Goals of the excavation include establishing stratigraphically the
chronological range of the Bronze Age, Greek-Byzantine, and underlying
Neolithic settlement; sequences of growth and destruction; and data
concerning household and community economy and possibly trade (based
on evidence for agriculture, pastoralism, imports, and evidence for
room/area function). The specific goals of this circumscribed approach
to initial investigation of this large harbor settlement is to obtain
insights concerning patterns of growth and decline, which will be placed
in a regional perspective. Excavation will provide data concerning
the economic basis for settlement over millennia, and how this may
have changed and evolved along with regional trade networks.
Work Plan 2006
The work plan for 2006 is to first complete the excavation of
the 2005 trenches in Areas H, G, and A. In 2006 excavation of the rooms/areas
in trench G2000 will be complete: the calderimi will be removed,
and all areas will be excavated as far as is possible into Bronze
Age strata. this can be accomplished without removal of overlying
Greek and Roman walls, although the spaces where excavation is possible
into Bronze Age strata will become smaller as greater depths are
reached. In Trench G1000 small areas will be excavated near the large
channel kiln, walls on the beach, and the paving, in order to establish
more precise dates for these features. In 2006 two more trenches
will be opened in area G: these to the north and south of trench
G2000, in order to expand excavation over the settlement area and
to begin to relate the deep stratigraphy of trench G1000 with the
strata under the Greek and Roman houses on the slope above.
Excavation of trench H3000 will be complete with removal of soil from
the floor surfaces of this trench, and excavation will continue in
H2000. One trench (H4000) will be placed directly south of trench H2000
to reveal a possible large structure detected by a wall in the southeast
corner of H2000. It may be worthwhile to open a trench farther east,
in the middle of the slope, and one at the top of the slope, where
traces of a large structure protrude through the surface (this north
of the chapel).
Excavation will continue in small areas around the paving in Trench
A1000 in order to establish the date of the paving and other features
in this trench. Excavation in Trench A2000, directly north, will possibly
reveal more features related to metallurgical production and the nearby
chapel.
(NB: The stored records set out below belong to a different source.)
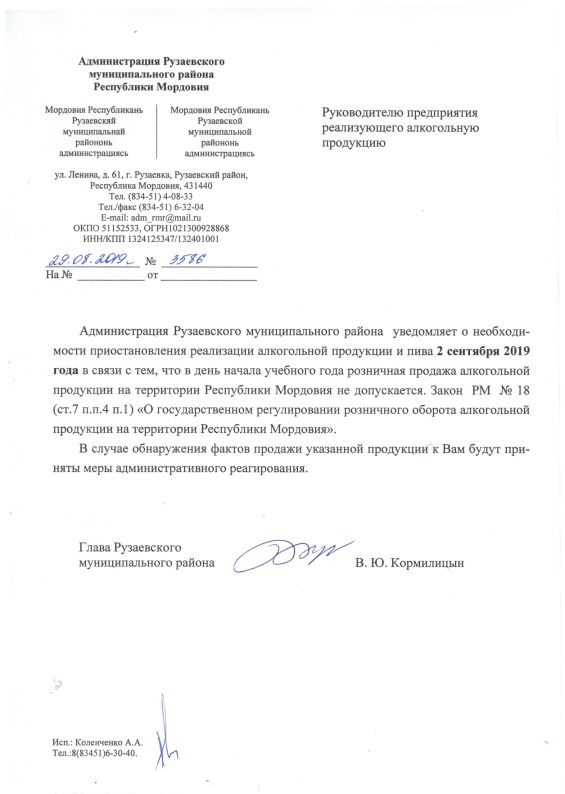 ВТОРОГО СЕНТЯБРЯ В РУЗАЕВКЕ БУДЕТ ОГРАНИЧЕНА ПРОДАЖА АЛКОГОЛЯ
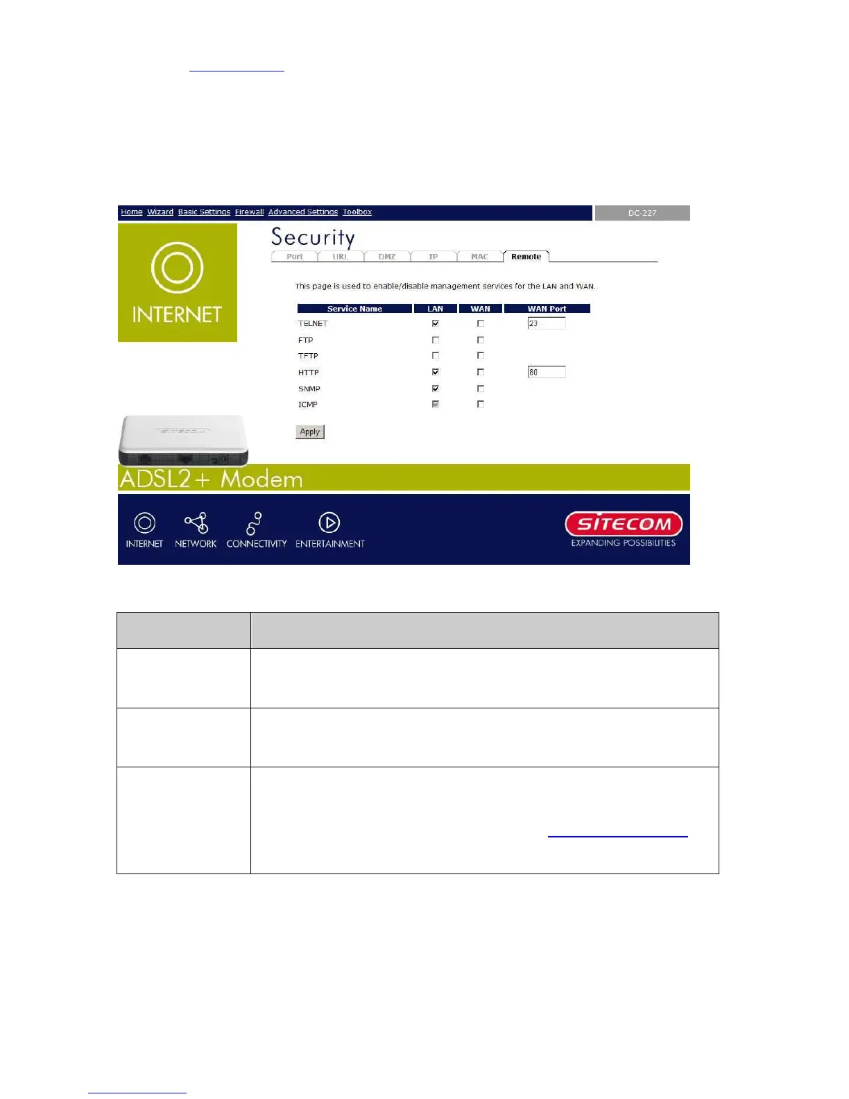 The Remote Access function can secure remote host access to your DSL device from LAN and
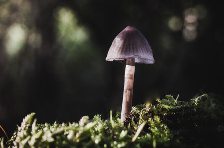 Mushroom in the forest with green moss and bokeh
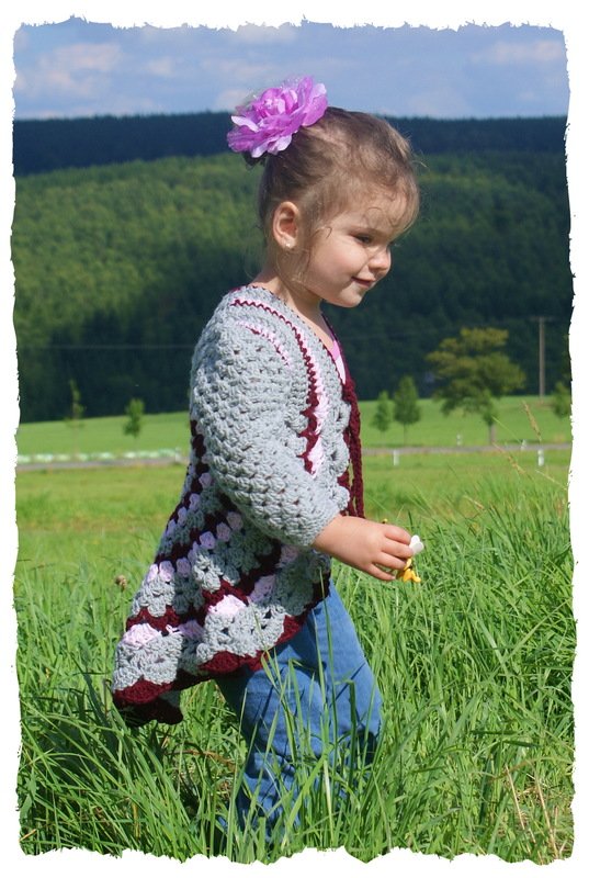 Die Ärmel kannst du weglassen, dann hast du eine coole Weste, oder du arbeitest einen kurzen oder ein langen Ärmel, so kann das Jäckchen auch an kühleren Tagen getragen werden. Ich arbeite meist einen kurzen Ärmel, denn dann kann die Weste mit einem Rolli an kälteren Tagen und bei wärmeren Tagen über einem Top getragen werden, also was für jedes Wetter.
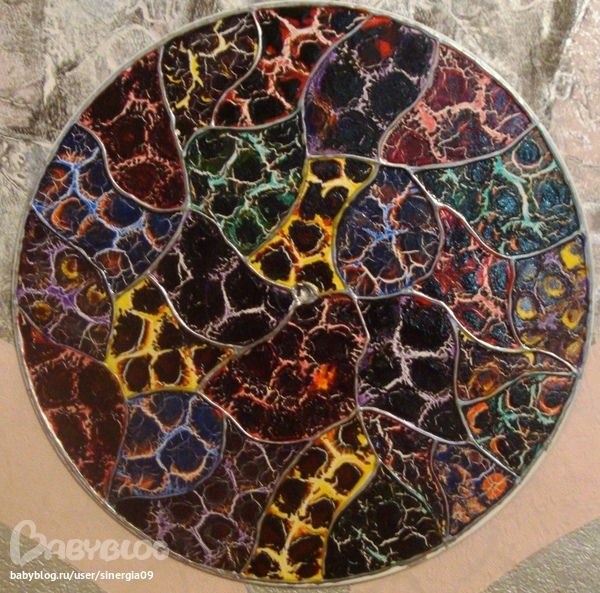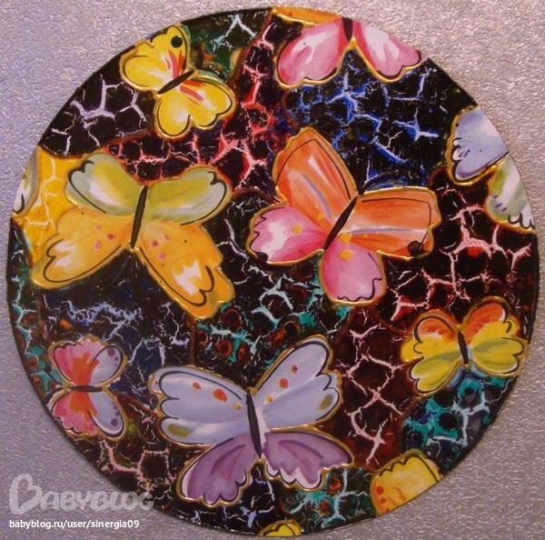 Пластинку в стиле мозаики сначала загрунтовала белой аэрозольной эмалью. Затем акриловым контуром разделила на сектора. Каждый сектор поочереди залила разведеным водой клеем ПВА. Тонкой кистю капала витражные краски (у меня фирмы DEKOLA). В середину каждой лужицы капала другой цвет (можно несколько цветов). Эффект кракелюра проявляется при полном высыхании (1-2 сутки).Ппластинка с бабочками оклеена пленкой "самоклейкой", где бабочки на белом фоне. Бабочки обвела контуром и далее по описанию.

Two more trenches trench will be placed in area A: one over
a large possible kiln to the northwest, identified through remote sensing,
and one placed over the chapel, which appears to be built over a large,
possible Bronze Age structure (the massive worn gray limestone boulders
under and near the chapel apse appear similar in size, workmanship,
and stone to Bronze Age walls seen elsewhere on the site).
Overall, the 2006 season will involve opening six more trenches and
greatly expanding the existing grid of trenches, while completing some
work on those opened in 2005. Only trench G2000, however, may involve
more than a few days to complete. This will also be the plan for subsequent
seasons: to open up to six trenches each year (this goal of course
related to available funding and staff). This will ultimately expose
from 700 to 1,000 square meters of the ancient site.